== WHAT THE TASK REQUIRES ==
The data below is to be written out exactly, with no pictures.

== RECORDED INFORMATION ==
=======

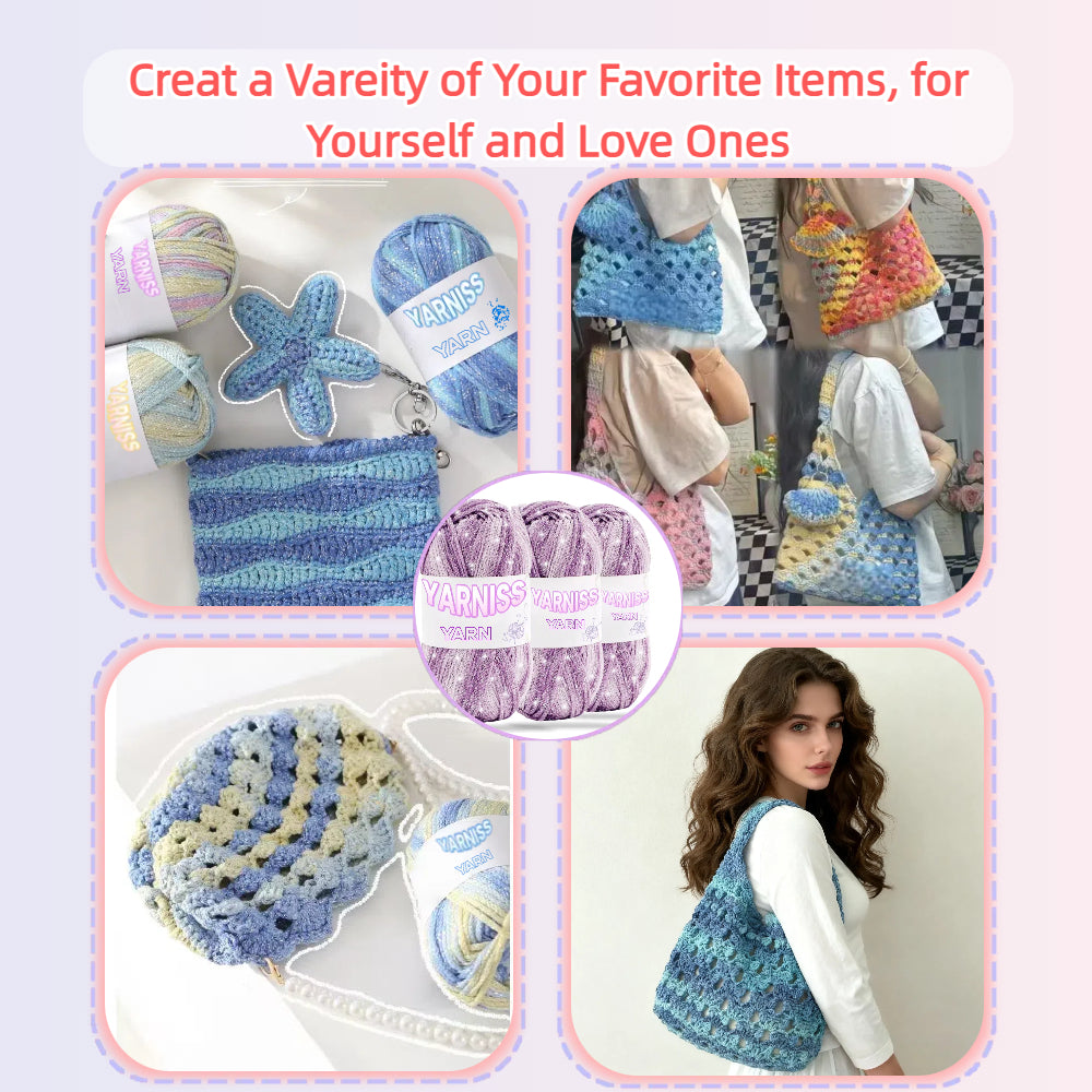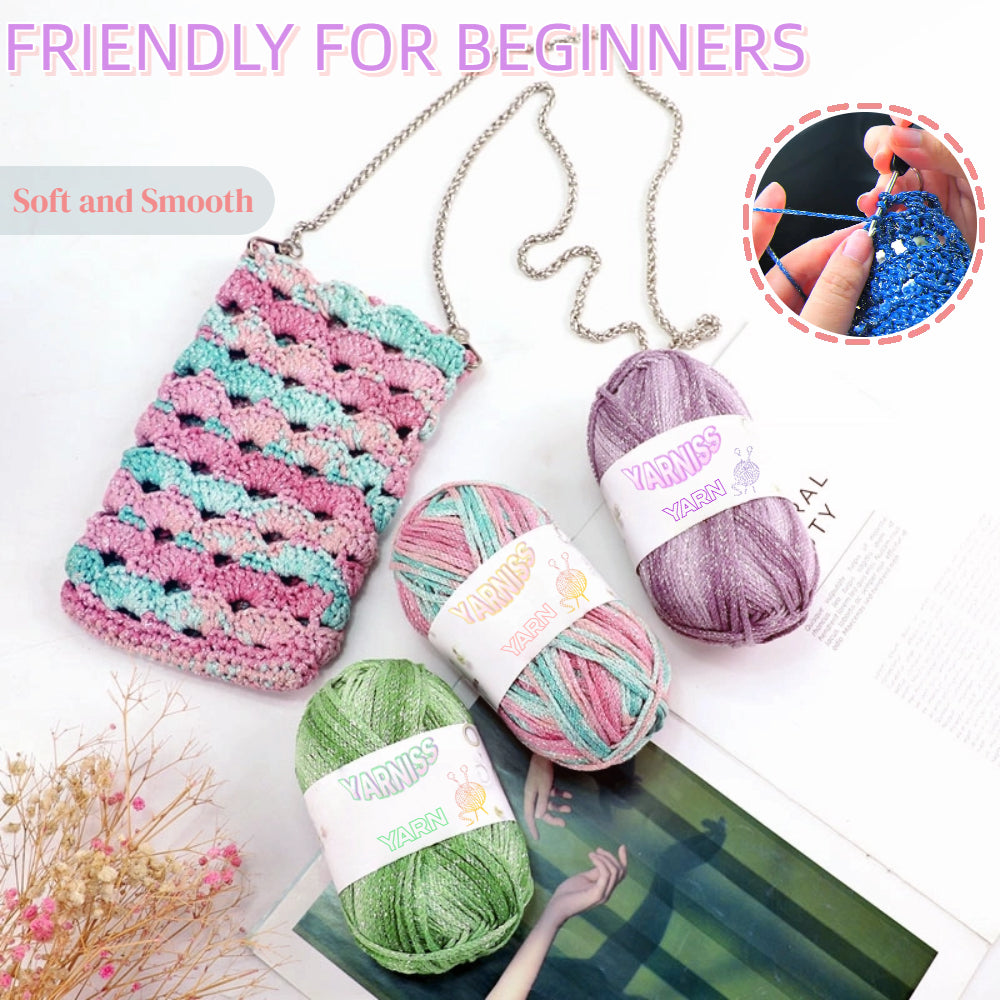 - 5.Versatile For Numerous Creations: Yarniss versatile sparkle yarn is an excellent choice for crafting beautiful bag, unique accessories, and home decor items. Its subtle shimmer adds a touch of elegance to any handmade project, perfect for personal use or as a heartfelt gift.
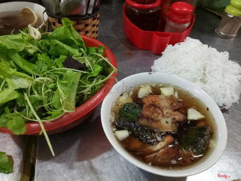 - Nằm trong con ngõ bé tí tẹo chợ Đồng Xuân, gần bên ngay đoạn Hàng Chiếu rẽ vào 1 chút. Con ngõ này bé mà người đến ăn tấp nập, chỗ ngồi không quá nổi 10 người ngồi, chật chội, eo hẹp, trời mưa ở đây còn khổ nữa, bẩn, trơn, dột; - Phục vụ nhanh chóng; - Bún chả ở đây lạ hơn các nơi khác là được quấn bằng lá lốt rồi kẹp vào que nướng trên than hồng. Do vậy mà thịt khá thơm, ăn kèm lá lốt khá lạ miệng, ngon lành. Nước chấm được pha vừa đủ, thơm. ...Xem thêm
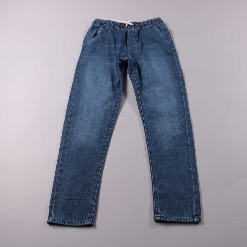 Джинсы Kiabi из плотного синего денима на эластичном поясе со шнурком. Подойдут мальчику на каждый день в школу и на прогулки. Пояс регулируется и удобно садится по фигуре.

=======

== PROBLEM SOLUTION ==
 - 5.Versatile For Numerous Creations: Yarniss versatile sparkle yarn is an excellent choice for crafting beautiful bag, unique accessories, and home decor items. Its subtle shimmer adds a touch of elegance to any handmade project, perfect for personal use or as a heartfelt gift.
 - Nằm trong con ngõ bé tí tẹo chợ Đồng Xuân, gần bên ngay đoạn Hàng Chiếu rẽ vào 1 chút. Con ngõ này bé mà người đến ăn tấp nập, chỗ ngồi không quá nổi 10 người ngồi, chật chội, eo hẹp, trời mưa ở đây còn khổ nữa, bẩn, trơn, dột; - Phục vụ nhanh chóng; - Bún chả ở đây lạ hơn các nơi khác là được quấn bằng lá lốt rồi kẹp vào que nướng trên than hồng. Do vậy mà thịt khá thơm, ăn kèm lá lốt khá lạ miệng, ngon lành. Nước chấm được pha vừa đủ, thơm. ...Xem thêm
 Джинсы Kiabi из плотного синего денима на эластичном поясе со шнурком. Подойдут мальчику на каждый день в школу и на прогулки. Пояс регулируется и удобно садится по фигуре.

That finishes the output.